* _Assignment_
Omit all pictures. Copy exactly the lines from the line containing "опасных грузов |" to the end of the listing, with both ends included.

* _Given data_
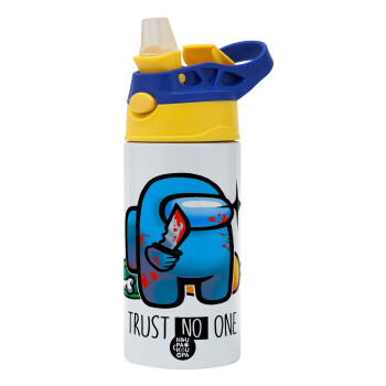 Among Trust no one, Children's hot water bottle, stainless steel, with safety straw, green, blue (360ml) BPA FREE
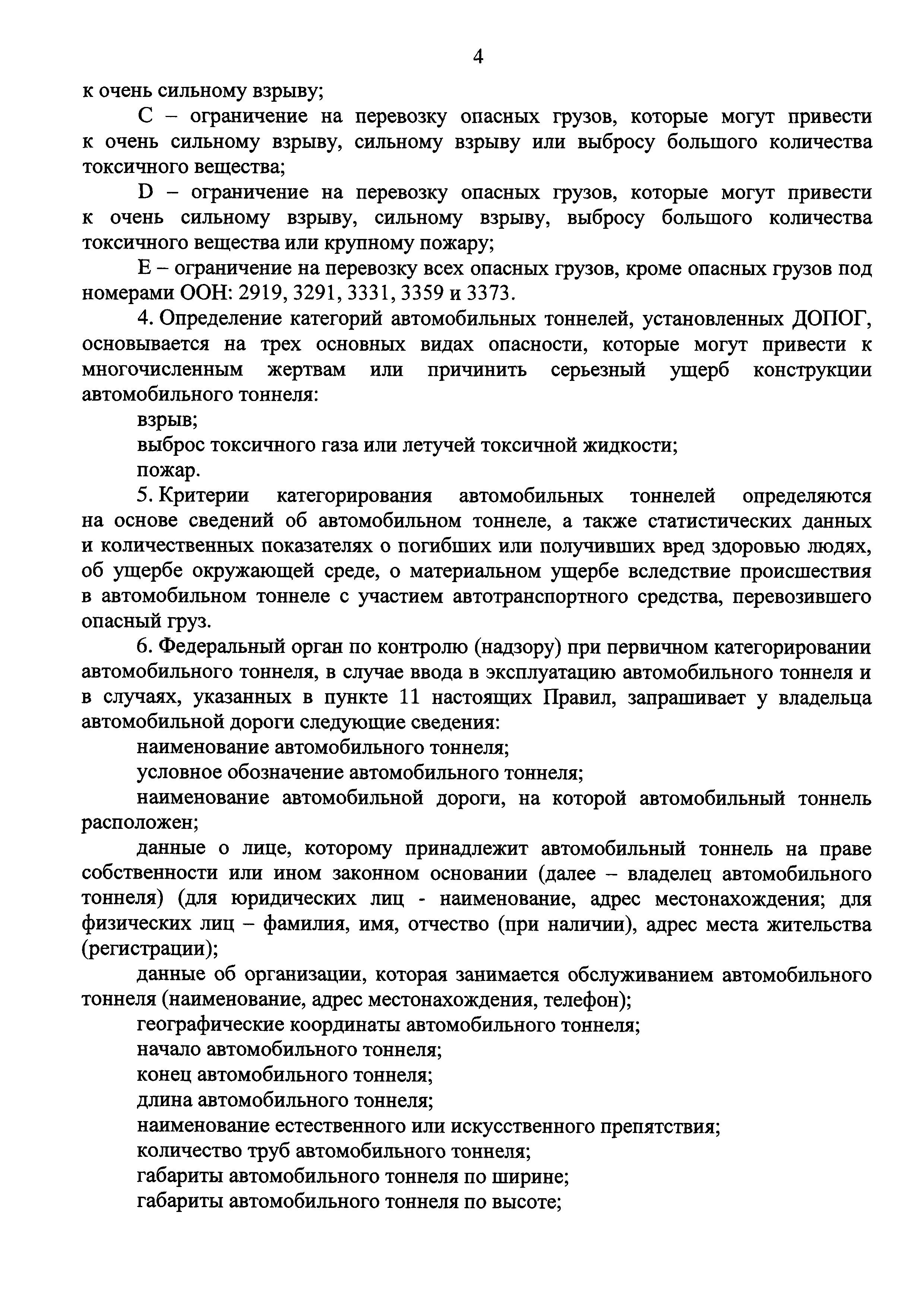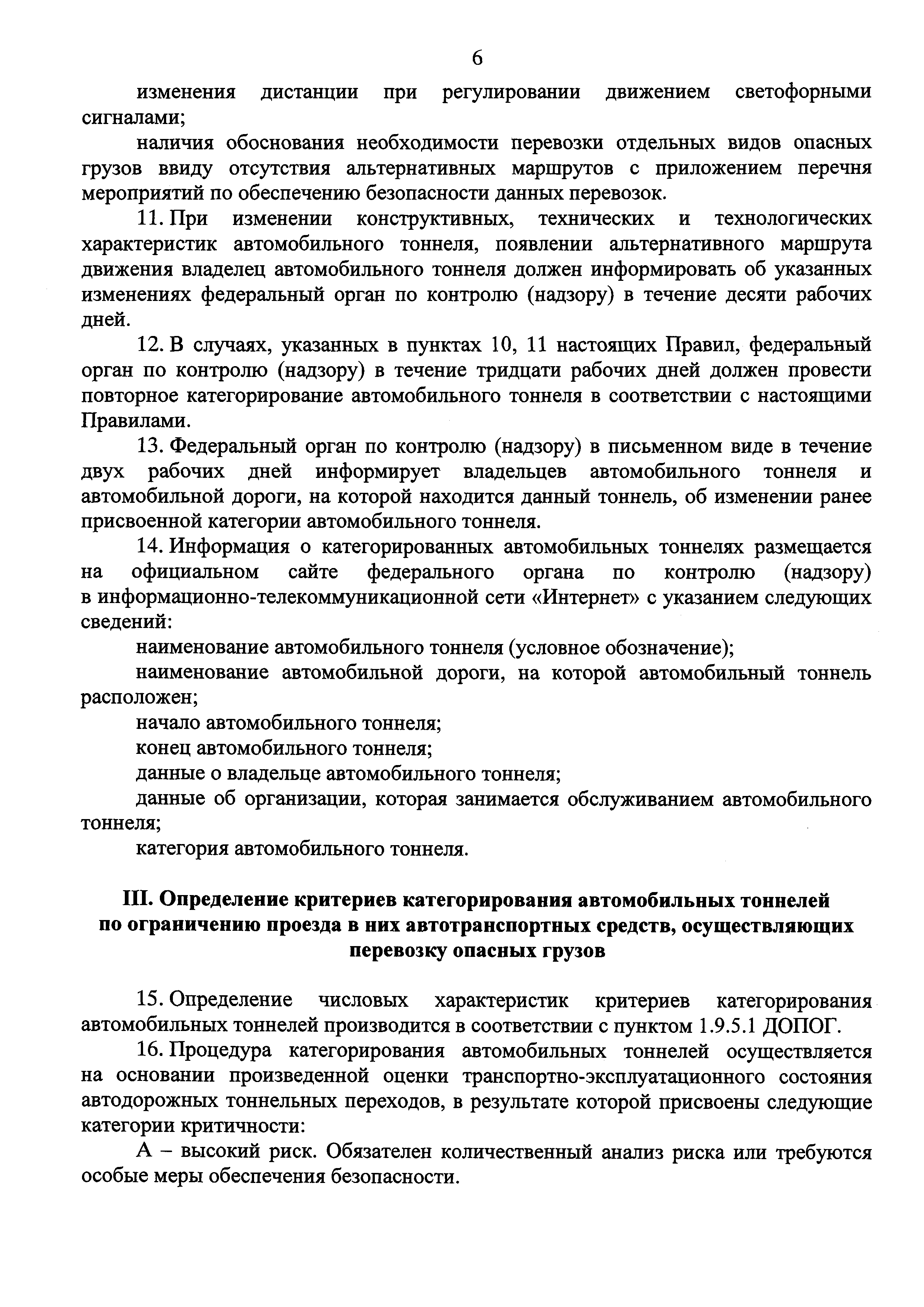| Название рус.: | Правила категорирования автомобильных тоннелей по видам ограничения движения в них автотранспортных средств, осуществляющих перевозку опасных грузов |
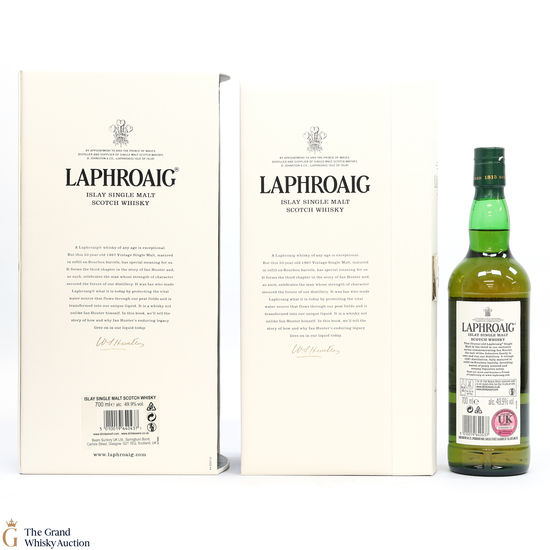 This is a 33 year old single malt, distilled in 1987 and matured in ex-bourbon barrels. This bottle forms the third chapter "Source Protector" to the story of Ian Hunter and celebrates the man who introduced the iconic American white Oak barrels to the whisky making at Laphroaig. It is said that it was Ian who made Laphroaig what it is today.

* _Reply_
| Название рус.: | Правила категорирования автомобильных тоннелей по видам ограничения движения в них автотранспортных средств, осуществляющих перевозку опасных грузов |
 This is a 33 year old single malt, distilled in 1987 and matured in ex-bourbon barrels. This bottle forms the third chapter "Source Protector" to the story of Ian Hunter and celebrates the man who introduced the iconic American white Oak barrels to the whisky making at Laphroaig. It is said that it was Ian who made Laphroaig what it is today.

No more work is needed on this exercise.